In moments of stress, when the world no longer seems to make sense and I feel in need of communion with an intelligence even greater than my own, I find myself returning again and again to the Twitter feed of the avant-garde Japanese conceptual artist and general all-round Wise Woman, Okay Yoni (aka Yoko Ono). It only takes a few of her pithy, sagacious tweets and the damage wrought upon one's fragile psyche by a seemingly cruel and incomprehensible world is instantly repaired: one feels soothed, healed – somehow whole again. If you’re unfamiliar with the petite genius’s gem-like utterances, here are some telling examples:

Take the first word that comes across your mind. Repeat the word until dawn.
Have a dance party. Let people dance with chairs.
On the solstice at sunrise
celebrate mornings of
past, future, and now.
Listen to the world.
Touch each other
when the sun comes up.
Waiting for the sunrise
So we can go on the streets
And see the people smile
Count the numbers of wrinkles on your face or your body or certain parts of your body, Send it to your friend in place of a letter.
Count the numbers of stars in the sky every day. Make a number list and send it to your friends.
Count the numbers of lights in the city every day. Make a number list and hang it on the wall.
When the curtain rises, go hide and wait until everybody leaves you. Come out and play.
Break a contemporary museum into pieces with the means you have chosen. Collect the pieces and put them together again with glue.
Collect sounds in your mind that you have overheard through the week. Repeat them in your mind in different orders one afternoon.
I want the sky to land here, to cool it, and make it well again.
Make a hole. Leave it in the wind.
Whisper all your secret thoughts to a pachinko ball.
Yes, I’ll admit that at first glance they might strike one as the sort of utter nonsense that a talentless, beady-eyed, cold-hearted, wealth-obsessed charlatan would spew out in order to convince gullible, pathetic, needy fools that their creator was some sort of sage. Nevertheless, I deplore those unenlightened cynics who make a habit of posting sarcastic comments under Okay Yoni’s tweets. For instance, when Ms Yoni tweeted, “Imagine letting a goldfish swim across the sky. Let it swim from the West to the East. Drink a liter of water”,  someone was unkind enough to comment: “Imagine laying around in bed all day and calling it a protest. Imagine if you hadn’t broken up The Beatles.”

The following tweet …
Imagine the clouds dripping. Dig a hole in your garden to put them in.
…received a number of truly shocking responses, including:
Well that’s Monday sorted. (Muriel Gray)
Isn’t that basically known as rain? (Chris Deerin)
Called Alan Titchmarsh – we’re on it!
is that the clouds or the drips I'm putting in the hole?
Trying to figure out the logistics of that.
Good old Yoko Ono - making a handsome living out of utter bollocks for half a century, and still going strong!
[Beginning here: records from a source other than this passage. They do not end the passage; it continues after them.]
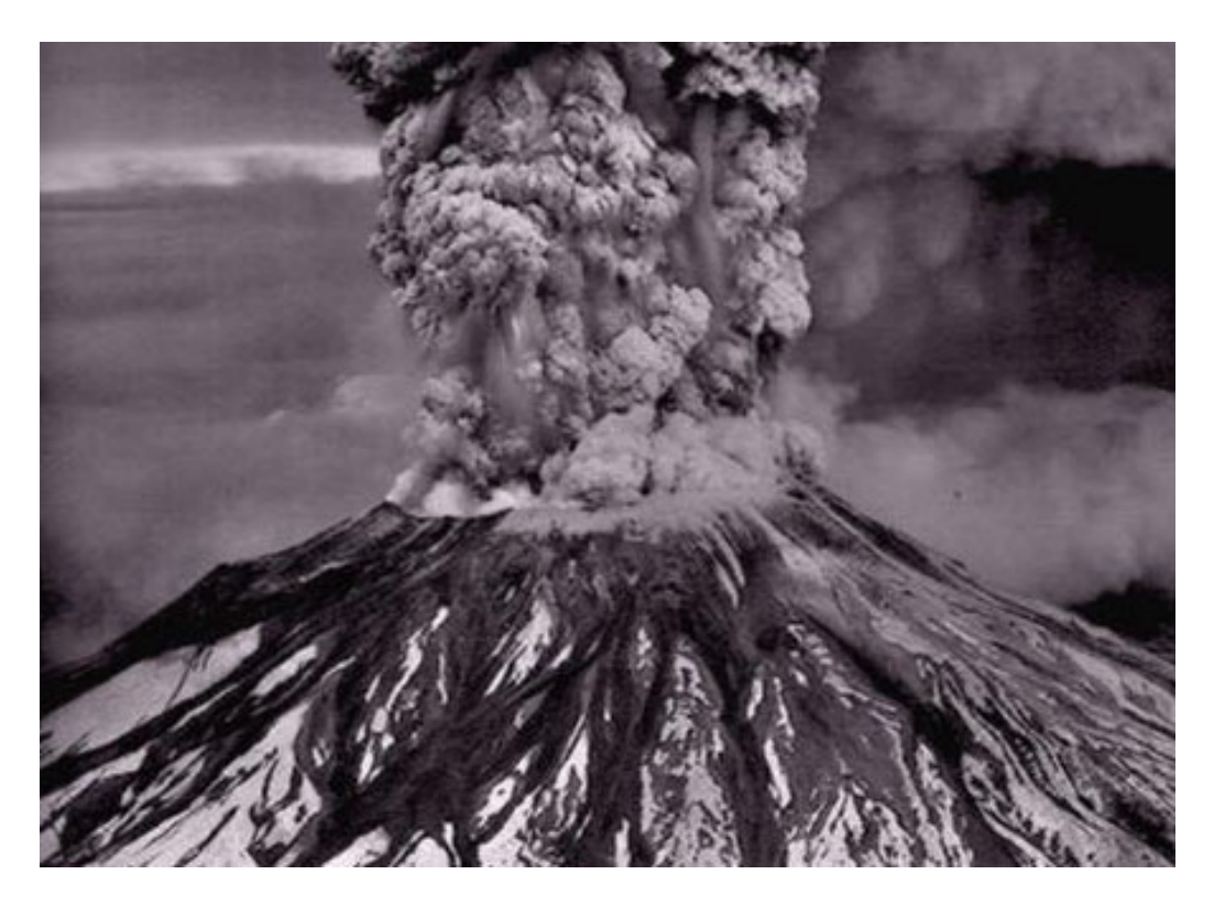
Figure 1. Mt. St. Helens Eruption Monitoring.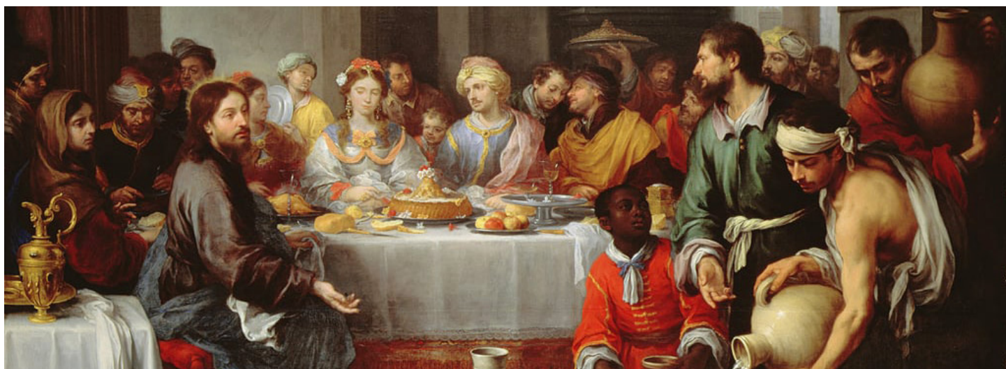
World Marriage Day - "The Marriage Feast at Cana," Bartolome Esteban Murillo, c. 1672, Barber Institute of Fine Arts, Birmingham, UK, on loan to the Metropolitan Museum of Art, New York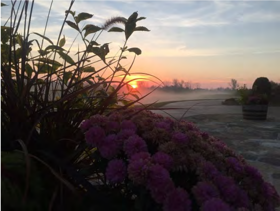
Figure 20. Pollinator plantings along a tee area at Victoria National Golf Club.

native trees, shrubs, and herbaceous vegetation to provide wildlife habitat in non-play areas, along water sources to support fish and other water-dependent species. By leaving dead trees (snags) where they do not pose a hazard, a well-developed understory (brush and young trees), and native grasses, the amount of work needed to prepare a course is reduced while habitat for wildlife survival is maintained.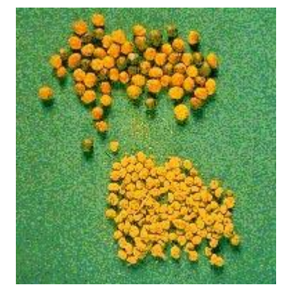
Figure 3. Canola seeds (top) and wheat midge cocoons (bottom).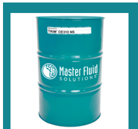
54-gallon drum SKU: OE310NS-54G UPC-12: 641238076728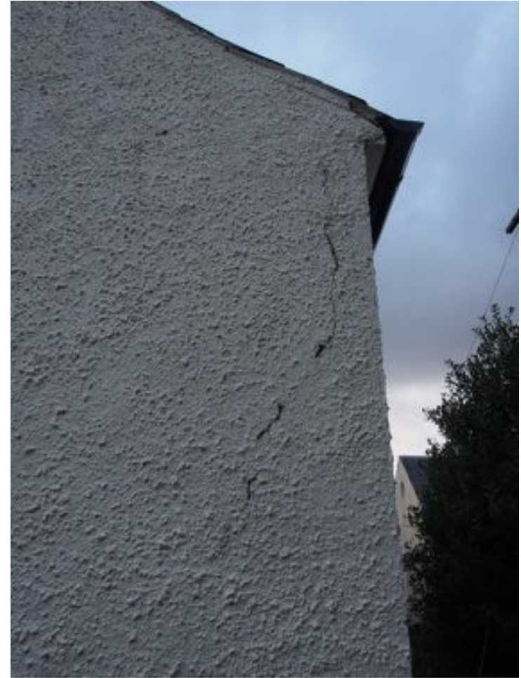
Cracks at south side of hall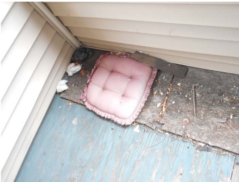
Photo 31 - Discarded chair cushion, trash, dirty, broken flooring on second floor porch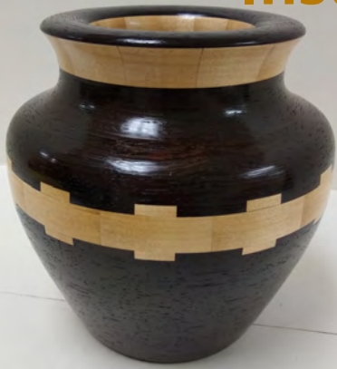
Segmented Vase- Darrel Burkhart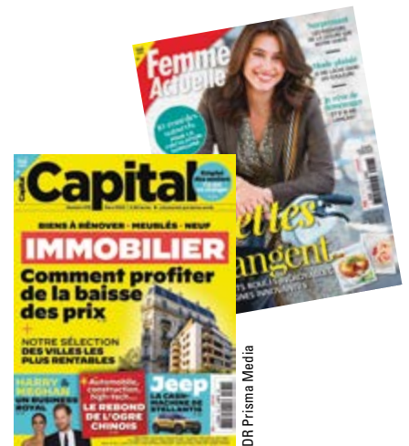
DR Prisma Media

(1) Vivendi has fully consolidated Prisma Media since June 1, 2021.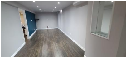
Pic. 25: Rec room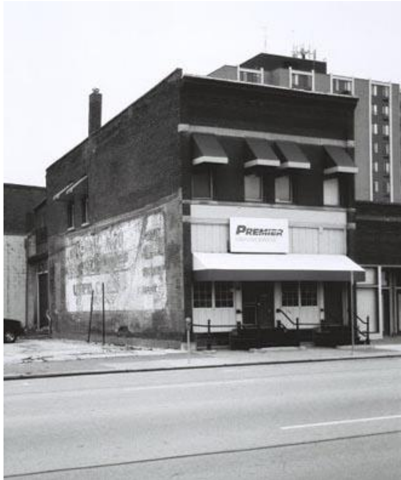
View of the primary (south) and west elevations, looking northeast across West Second Street.

Address _____ 526 W. 2 nd Street _____ City _____ Davenport _____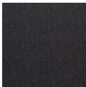
COMET OSIER 2300 Truffe 189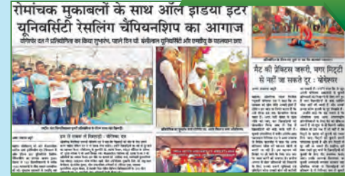
BRCM in Media at a Glance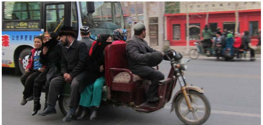
Figure 2. A shared taxi in Uighur province in China.

Bike taxis prevail in many areas such as in China, India, Thailand, and there are so many names for them: "Rickshaw" in India, "Tuk-Tuk" in Thailand, "San Lun Chu Zu Che (三轮车出租车)" in China, and "Tricycle" in the Philippines.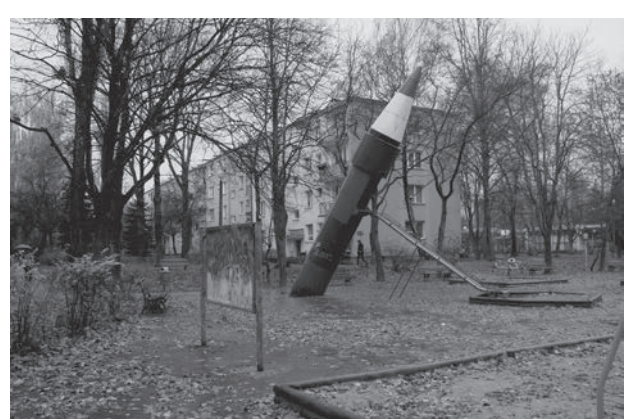
Fig. 4. Playground on the Mickiewicz Estate in the 1980s and today. Photo by E. Przesmycka, 2010<sup>3</sup>

The first housing estate to be built within the framework of the Lublin Housing Cooperative was Adam Mickiewicz Estate<sup>2</sup>. At the same time, social and technical infrastructure was created, including shopping and service centres, outpatient clinics, schools, kindergartens, social clubs and libraries [3, 4, 11].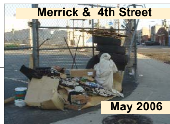
Merrick & 4th Street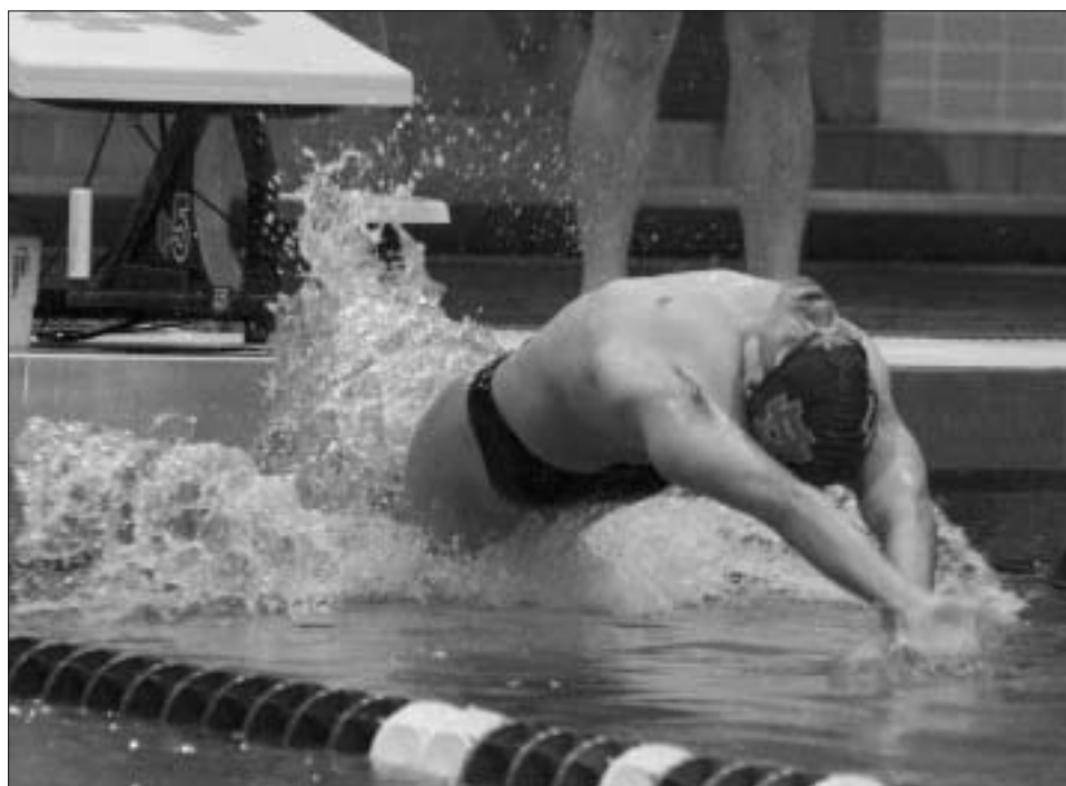
The Irish play host to six meets throughout the 2008-09 season.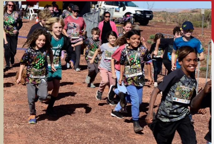
Children's running race. And they're off!!!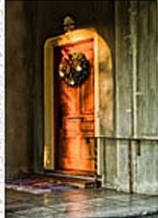
Intermediate Places - Third Place Debra S Dorothy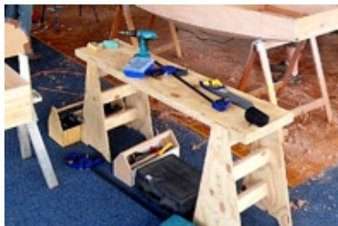
Des Clark's portable workbench from the Lindisfame Sailing Club group build. The top can take a wood vice to make it even better!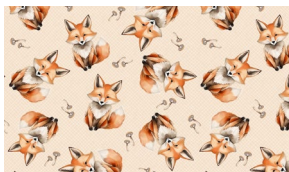
4924-44 Tossed Foxes Cream

All fabric quantities are based on 15yd bolts unless otherwise indicated.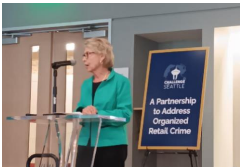
Gov. Christine Gregoire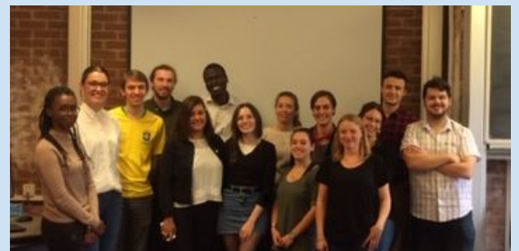
The Human Rights Law Clinic students after the final workshop

To find out more, visit the website of the Sussex Centre for Human Rights Research: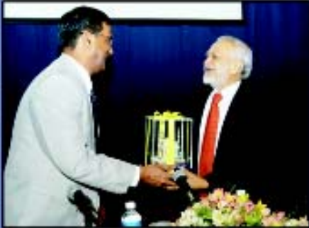
Fond remembrance with affection and smiles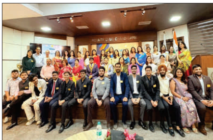
Installation of Rotract Club of Legis Social.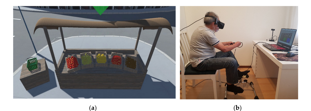
Figure 1. (a) Example of a task in the virtual city; (b) Example of using the application.

The sit-down pedal that can be seen in Figure 1b, is a traditional piece of low-cost rehabilitation equipment and is recommended by occupational and physical therapists for patients' home use in order to keep their legs active while watching television, for example. One of our decisions for our design was to use some universal and low-cost equipment—in the present case, the pedal system—integrated with VR to increase motivation in its use, combining physical exercise with cognitive stimulation, which is crucial to reduce cognitive decline and prevent dementia. The decision to target this device was based on its price, portability, usability and safety. The rejection of the treadmill and option for the pedal was based on the inadequacy of the former for many potential users due to physical limitations related to the ageing process and safety concerns, whereas the sit-pedal is usable and safe for most of them. Furthermore, the similarity of a sit-down pedal to riding a bicycle can elicit memories and skills associated with a familiar vehicle for leisure or for transportation while ensuring the individual's safety.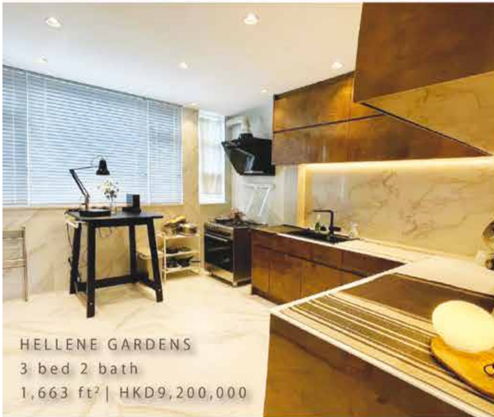
HELLENE GARDENS 3 bed 2 bath 1,663 ft 2 | HKD9,200,000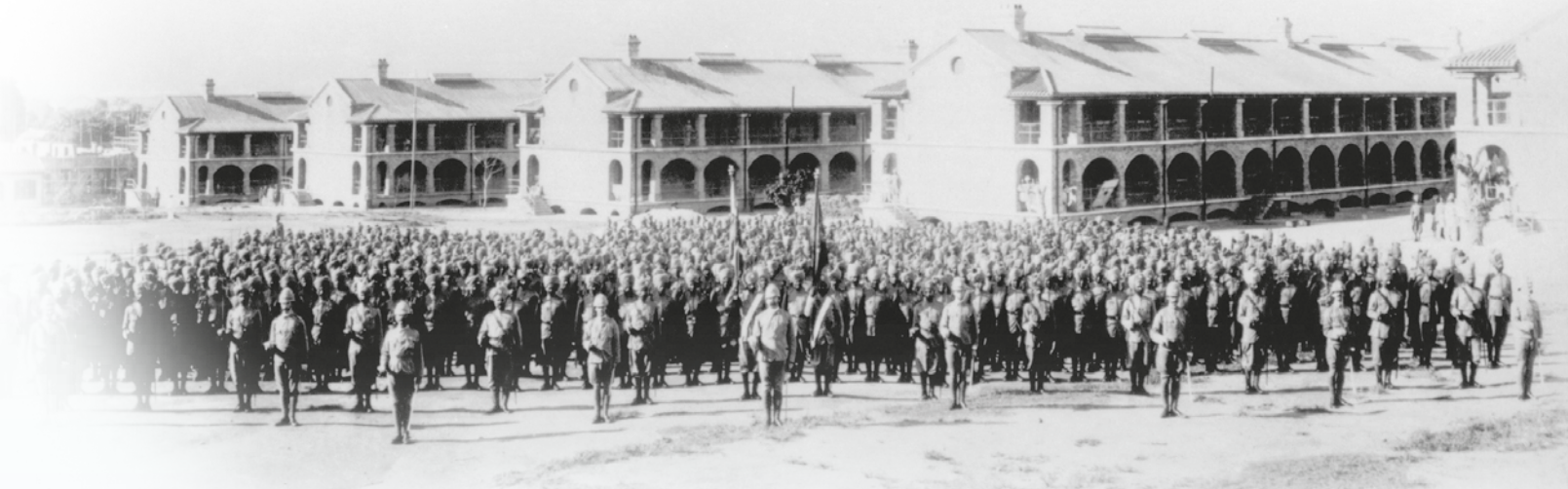
由印籍軍人組成的香港軍團在威菲路軍營進行操練，約攝於一八九七年。 The Hong Kong Regiment, made up of Indian troops, parading at Whitfield Barracks, circa 1897.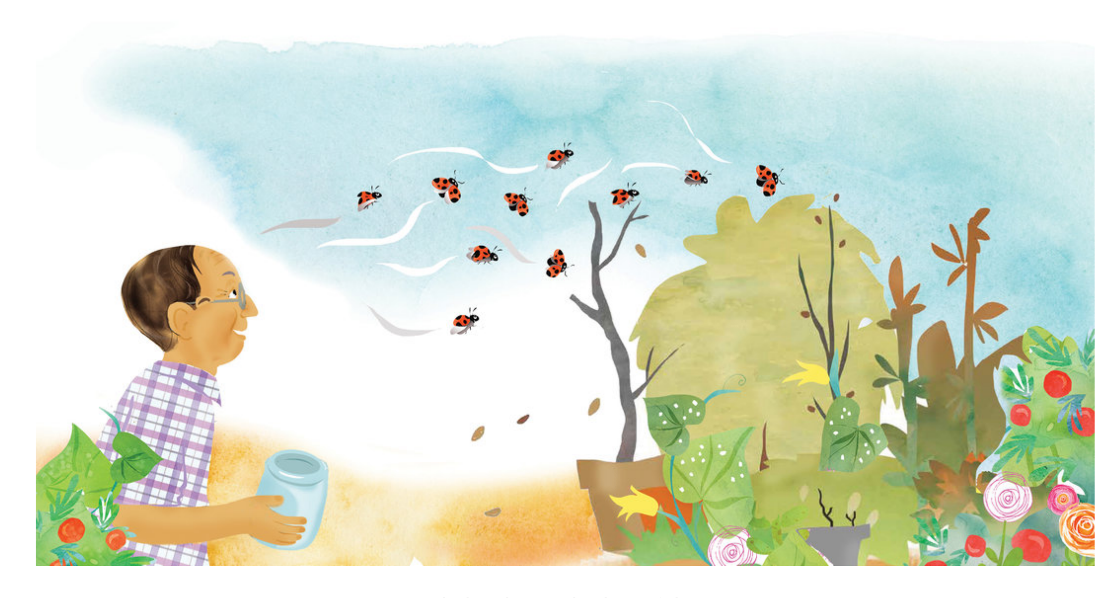
El abuelo estaba bien feliz. Las mariquitas tenían mucha hambre!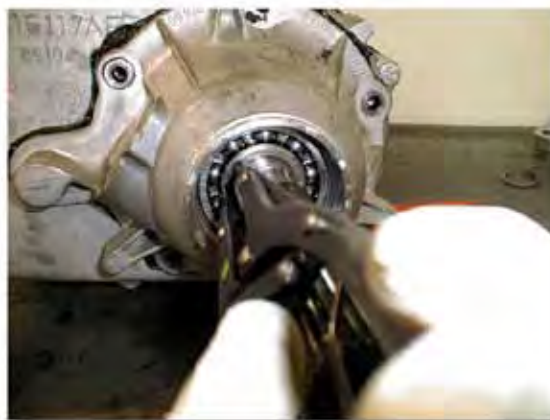
(Fig. 7) Rear I.D. Snap Ring Removal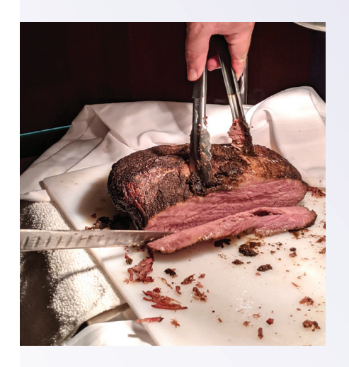
CHEF-CARVED BEEF BRISKET Add $2/person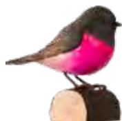
PINK ROBIN Petroica rodinogaster WG4813 L: 105 W: 47 H: 90 mm 6 / pack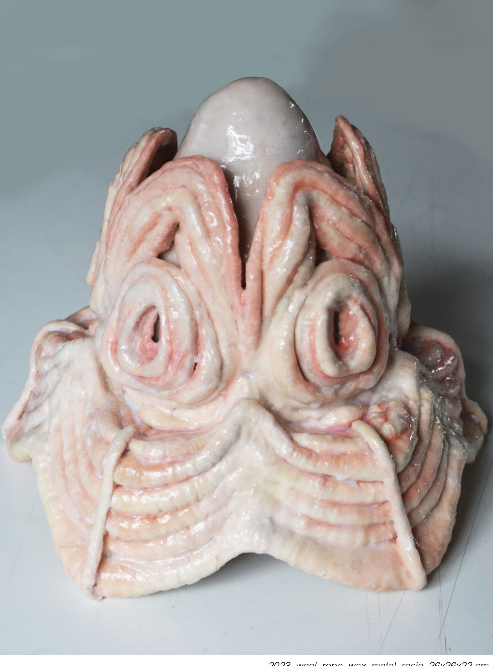
2023, wool, rope, wax, metal, resin, 26x26x22 cm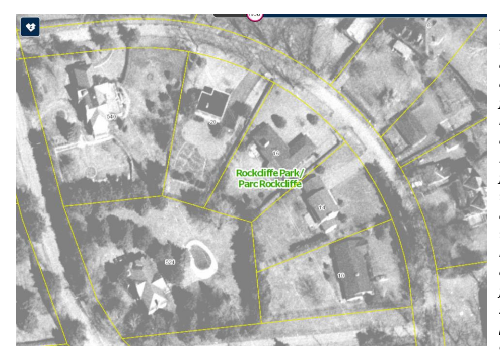
Figure 15: 1958 Aerial of the lots on the inner curve of the crescent. Note the attached garage in the front yard of 16 to the north of 14 Crescent Road a feature that remains. Note the car sitting in front of 10 Crescent Road to the south of the development site. Note the treed edge in the right-of-way in front of 10 and 14 Crescent Road featuring trees and shrubs enclosing the properties.

The heritage survey and evaluation form for 14 Crescent Road completed in 2011 and updated in 2021 provides additional information that is summarized below: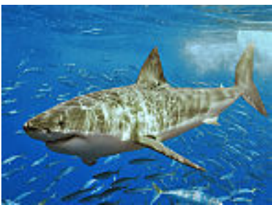
Man surfs on the back of a great white shark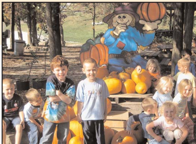
The Fireflies, Busy Bees and Crickets visited Apple Works. Here are some of our 'big kids' enjoying some sunny pumpkin fun!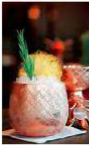
The vodka-based Penasoplo cocktail at Matador Room

In pleasantly removed Surfside, just north of the Miami Beach border, Four Seasons The Surf Club has beautifully restored a 1930 Mediterranean Revival structure, which houses an outpost of Le Sirenuse , the iconic dining haunt on Italy's Amalfi Coast (don't miss the restaurant's exquisite Champagne Bar ), as well as an upcoming restaurant from culinary superstar Thomas Keller, set to open in 2018. Guests retire to sleek towers designed by Pritzker Prize-winner Richard Meier.

  1. One's response to these gems are mostly unprintable.My response to'aphorism' #1 and 2 involves chair legs for example.#3 and 4 would go down a treat on the Northern Line on a Monday morning.#5 Miss Ono,why not just send your friend a well-worn scrotal sac instead.#6 More wrinkles in that than there are stars in the sky and counting them would provide your friend with a new if somewhat unusual hobby.
    #7 and 8 etc.Oh this is absurd-apologies for lowering the tone.

    1. Andy Murray's mother used to tweet hilariously sarcastic comments below Ms Yoni's tweets on a regular basis, but may be too busy with other things these days.

      I'd only start worrying about the tone of your remarks if I were to actually receive a well-worn scrotal sac in the post.